The Bug vs Ghost Dubs - Implosion

1. THE BUG - Hooked (Hyams Gym, Leytonstone)
2. GHOST DUBS - In The Zone
3. THE BUG – Believers (Imperial Gardens, Camberwell)
4. GHOST DUBS - Hope
5. THE BUG – Burial Skank (Mass, Brixton)
6. GHOST DUBS - Dub Remote
7. THE BUG - Alien Virus (West Indian Centre, Leeds)
8. GHOST DUBS - Down
9. THE BUG - Militants (The Rocket, Holloway)
10. GHOST DUBS - Into The Mystic
11. THE BUG - Dread (The End, London)
12. GHOST DUBS - Midnight
13. THE BUG - Spectres (Plastic People, Shoreditch)
14. GHOST DUBS - Waterhouse
15. THE BUG - Duppied (Brixton Rec)
16. GHOST DUBS - No Words

2025 - Pressure

Sortie le : 14 novembre 2025

Quand les fantômes font pression sur les basses

Esquisse de soundsystem dans la grisaille sur l’artwork, titre évocateur d’un certain terrorisme sonique... Implosion s’inscrit clairement dans la lignée de l’excellent Damaged, premier long format de l’Allemand Michael Fiedler en tant que Ghost Dubs chroniqué l’an dernier dans nos pages et publié, déjà, sur le label Pressure de Kevin Martin. Si ce n’est qu’ici le Britannique est également au générique, associé à son poulain sous l’alias The Bug, identité décidément de plus en plus métamorphe.
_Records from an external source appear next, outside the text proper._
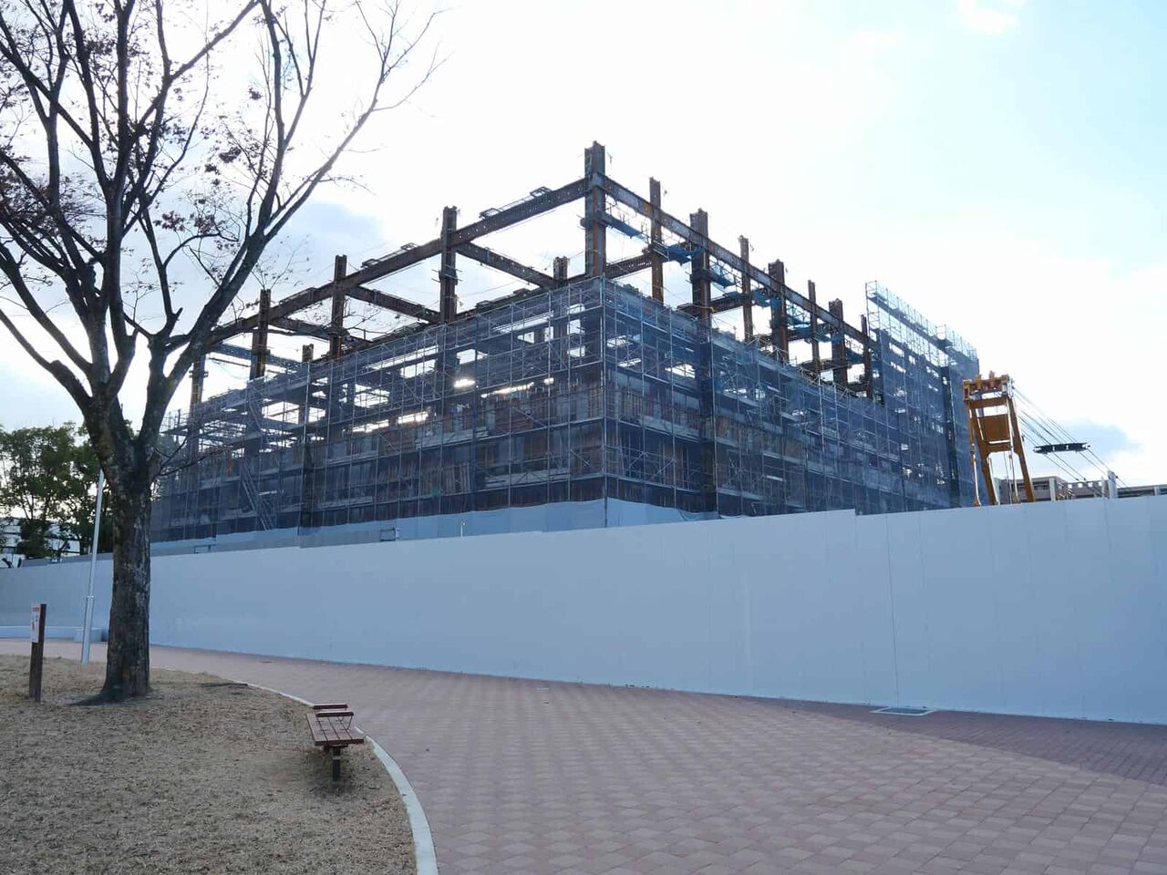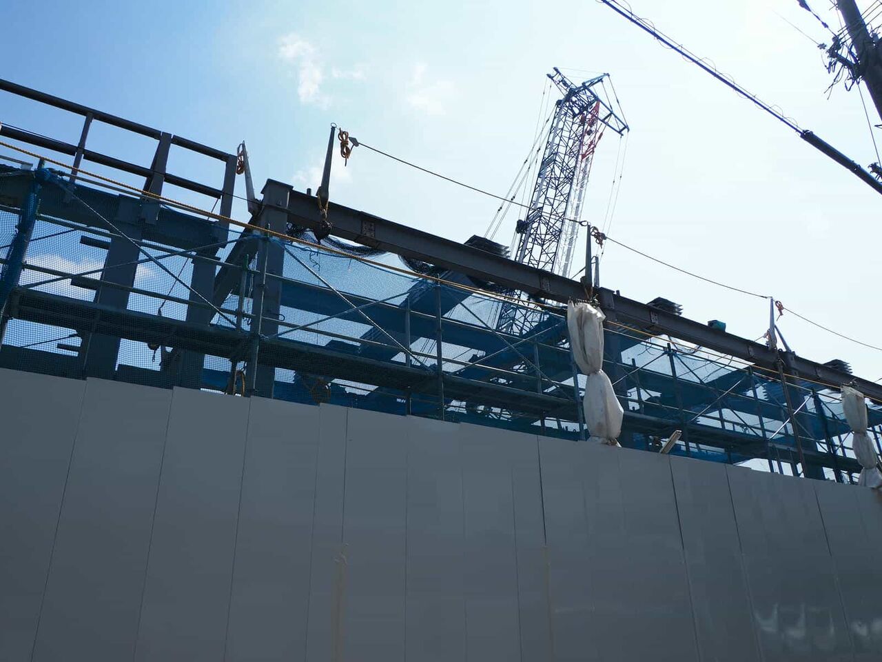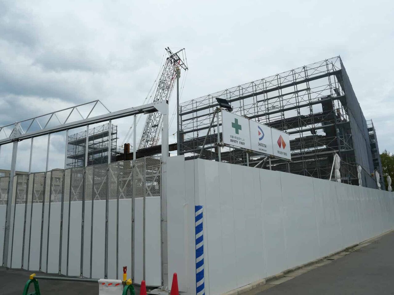 奥の方ではすでに一部の建物の鉄骨の組み立てが始まっているようで、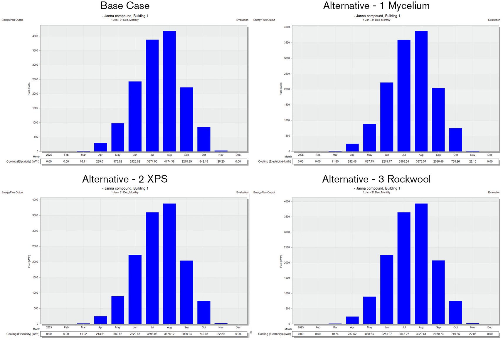 Regarding energy consumption, it is observed that the base case wall material led to higher energy usage during the warmer months. Particularly from May to August, due to increased solar radiation. The simulation findings indicate that the total electricity consumption for the base case during these hot months was 10,203.75 kWh. In comparison, XPS insulation resulted in 8,601.1 kWh, Mycelium insulation consumed 8,587.42 kWh, and Rock Wool insulation had a consumption of 8,838.77 kWh. As shown in Figure 14.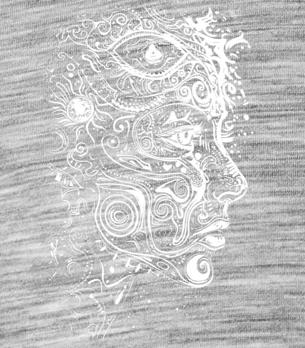 Abstraktní hlava, bílý tisk. Barevný útok na scénu! Tričko pro umělce, rebely a každého, kdo má rád hluboký psychedelický styl.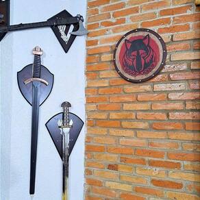 Quadro Decorativo Escudo Viking Haafingar - Solitude Lobo Skyrim Este quadro redondo temático de Skyrim é uma verdadeira obra de arte, completamente artesanal e pintado à mão. Ele apresenta o símbolo icônico do jogo, adicionando um toque de fantasia e aventura à sua decoração. Este quadro é perfeito para fãs do jogo ou entusiastas de decoração que apreciam produtos temáticos e únicos.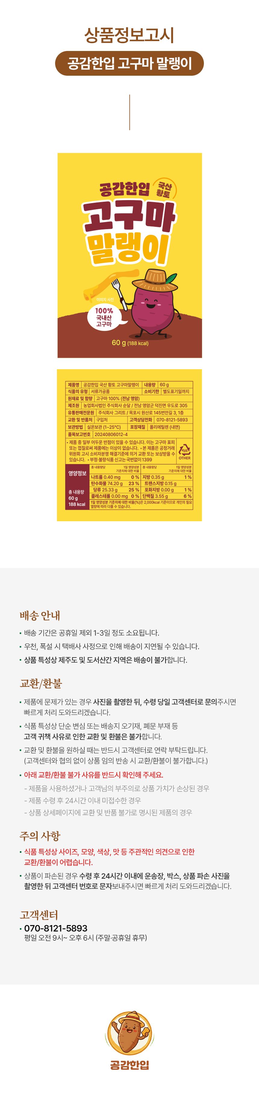 [온판지] (그리트) 공감한입 국산 황토 고구마말랭이 60g 10개입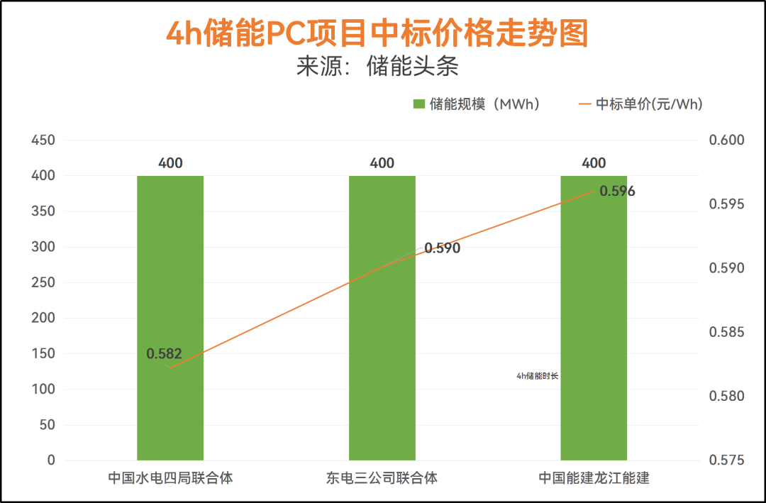 4小时储能PC,报价在0.582~0.596元/Wh之间,均价为0.589元/Wh。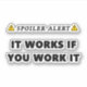 Recuperação dizendo em programas de recuperação de 12 etapas, afirmando o óbvio e engraçado que Spoiler Alert It Works If You Work , para recuperar viciados alcoólicos ou no trabalho como consultor de abuso de substâncias. Trabalhe no duro e veja os resultados. Humor no local de trabalho, reuniões de recuperação, convenções, conferências.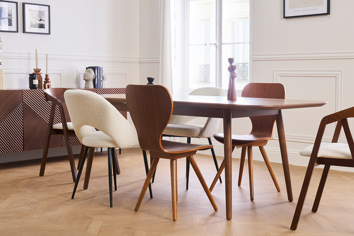Ces chaises de salle à manger en bois foncé sont des assises design au charme minimaliste. Un magnifique travail des courbes a donné naissance aux NORDECO, dont la beauté intemporelle se mariera à de nombreuses ambiances et s'accordera parfaitement à tous les styles de tables de salle à manger.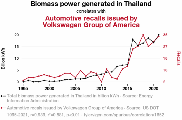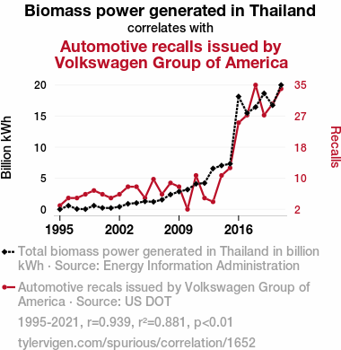This means 88.1% of the change in the one variable (i.e., Automotive recalls issued by Volkswagen Group of America) is predictable based on the change in the other (i.e., Biomass power generated in Thailand) over the 27 years from 1995 through 2021.
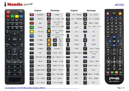 Un document est inclus pour vous aider à utiliser facilement la nouvelle télécommande, en indiquant la correspondance des boutons.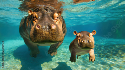 Cutie Pie, A baby hippo swims next to its large mother in a high-fidelity image showcasing their natural bond.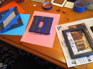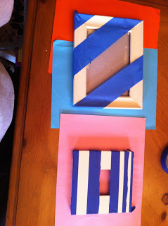 I let the frames dry for a few hours (actually over night, but that isn’t necessary) and then used painters tape to give them a design.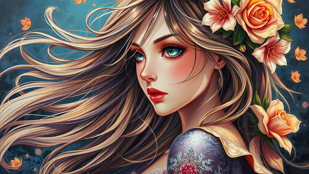 Thick acrylic painting, stunning anime girl with flowing hair, oil paint texture, vibrant iridescent highlights, adorned with delicate floral motifs, dramatic chiaroscuro, divine cinematic backlighting, baroque art influences βar 2:3.

Pas de collaboration à proprement parler toutefois mais un split album, chacun dans son coin, dont les morceaux bien que composés et enregistrés séparément font montre d’une surprenante homogénéité, comme si chacun des musiciens avait plus ou moins consciemment fait un pas vers l’univers de l’autre pour cette sortie. En résulte un dub-ambient toujours aussi immersif et porté sur les infrabasses massives mais avec quelque chose en plus, typique de l’ex Techno Animal et que l’on retrouvait également sur sa récente série Machine  : une dimension nettement plus rampante et insidieuse, à la fois pesante et crépusculaire, qui évoque quelque chose du compère Mick Harris lorsqu’il revêt les oripeaux de Scorn.

La densité minimale de ces soundscapes du côté obscur rend également ces instrus d’autant plus hypnotiques et entêtants, qu’ils soient plus ou moins saturés (Burial Skank) ou liquéfiés (Midnight), menaçants (Hooked, Dread), technoïdes (Militants, Waterhouse, Duppied) ou hantés (Spectres, No Words). Un enfer glacé dont les micro-variations ne lassent jamais et au sein duquel il fait paradoxalement bon se lover pour échapper au constant chaos tapageur de notre prétendu "confort" racoleur.